In some books, when discussing the relation between partial/directional derivatives and tangent vectors, one makes a generalization called a "derivation". A derivation at $\vec{a} \in \mathbb{R}^n$ is defined as a linear map $D: C^{\infty}(\mathbb{R}^n) \to \mathbb{R}$ which for $f,g \in C^\infty(\mathbb{R}^n)$ that satisfies

$D(fg) = f(a) Dg + g(a) Df.$

On the other hand, some books just stick to directional derivatives, so I wondered: what is the virtue of introducing derivations?

Can someone give an example of something that is a derivation, but not a directional derivative?
Derivations are a more general term.
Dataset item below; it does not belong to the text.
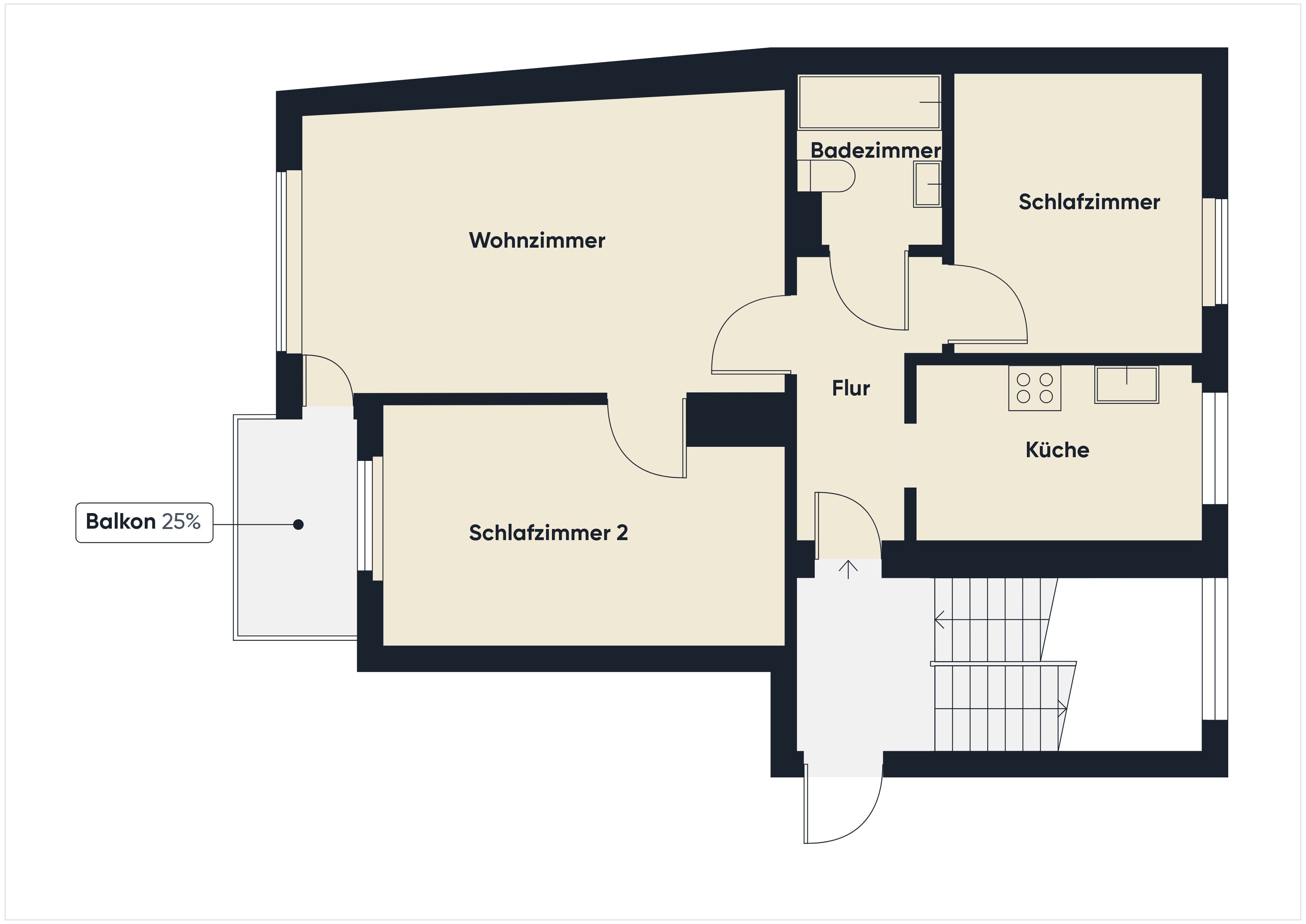 - Grundsanierte 3-Zimmer-Wohnung im 2. Obergeschoss eines gepflegten Mehrfamilienhauses mit vier Etagen - Die 2024 komplett modernisierte Wohnung erstreckt sich auf ca. 56 m² - Erstbezug nach Sanierung - Geräumiger Flur mit Zugang zu allen Räumen - Helles und sehr gemütliches Wohnzimmer mit großen Fenstern und Zugang zum Balkon - Separate, mit hochwertiger Einbauküche ausgestattete Küche mit Tageslichteinfall - Modern gefliestes Badezimmer mit Badewanne - Geräumig und ruhig gelegenes Schlafzimmer - Weiteres Zimmer, nutzbar als Kinderzimmer oder Arbeitszimmer - Keller- und Dachbodenraum für weiteren praktischen Stauraum - Die Wohnung bietet sich sowohl für Eigennutzer, als auch für private sowie gewerbliche Kapitalanleger an Überzeugen Sie sich selbst im 360° Rundgang: https://tour.giraffe360.com/96c51f6a947145a8ab2528cb40eedacdAusstattung

One definition of the tangent space at a point $p$ on a manifold $M$ is that the tangent space $T_pM$ is the vector space of all derivations at $p$. However, I can't think of anywhere where you can't think of elements of the tangent space as directional derivatives.
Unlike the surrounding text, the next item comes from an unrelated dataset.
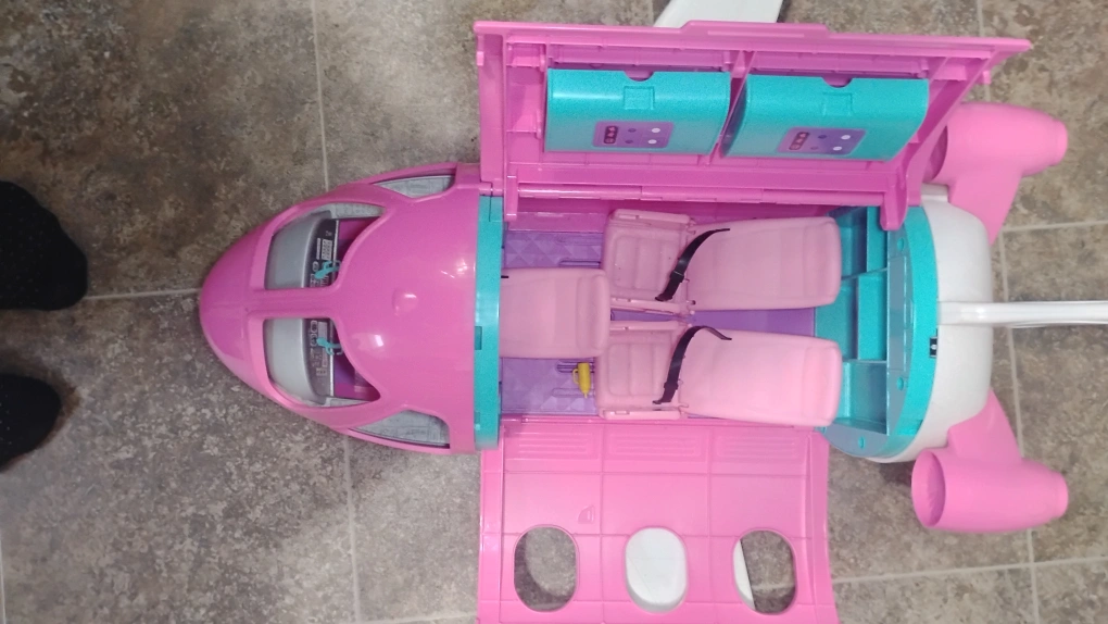 Pink airplane playset. Features opening compartments and seats. Great for imaginative play. Great used condition.

In Lie algebras, the map $\operatorname{ad}_x:\mathfrak{g}\to\mathfrak{g}$ that takes $y\in\mathfrak{g}$ to $[x,y]\in\mathfrak{g}$ (The $[\cdot,\cdot]$ is called the bracket. It's the multiplication operation on $\mathfrak{g}$.) is a derivation, but it isn't a directional derivative.

#### Fredrik

Staff Emeritus
Gold Member
If v is a derivation at p, and $x:U\mapsto\mathbb R^n$ is a coordinate system such that $p\in U$, then there exist real numbers $v^1,\dots,v^n$ such that
$$v=\sum_{k=1}^n v^k\frac{\partial}{\partial x^k}\!\bigg|_p.$$ If this right-hand side is what you consider a directional derivative, then this means that every derivation is a directional derivative.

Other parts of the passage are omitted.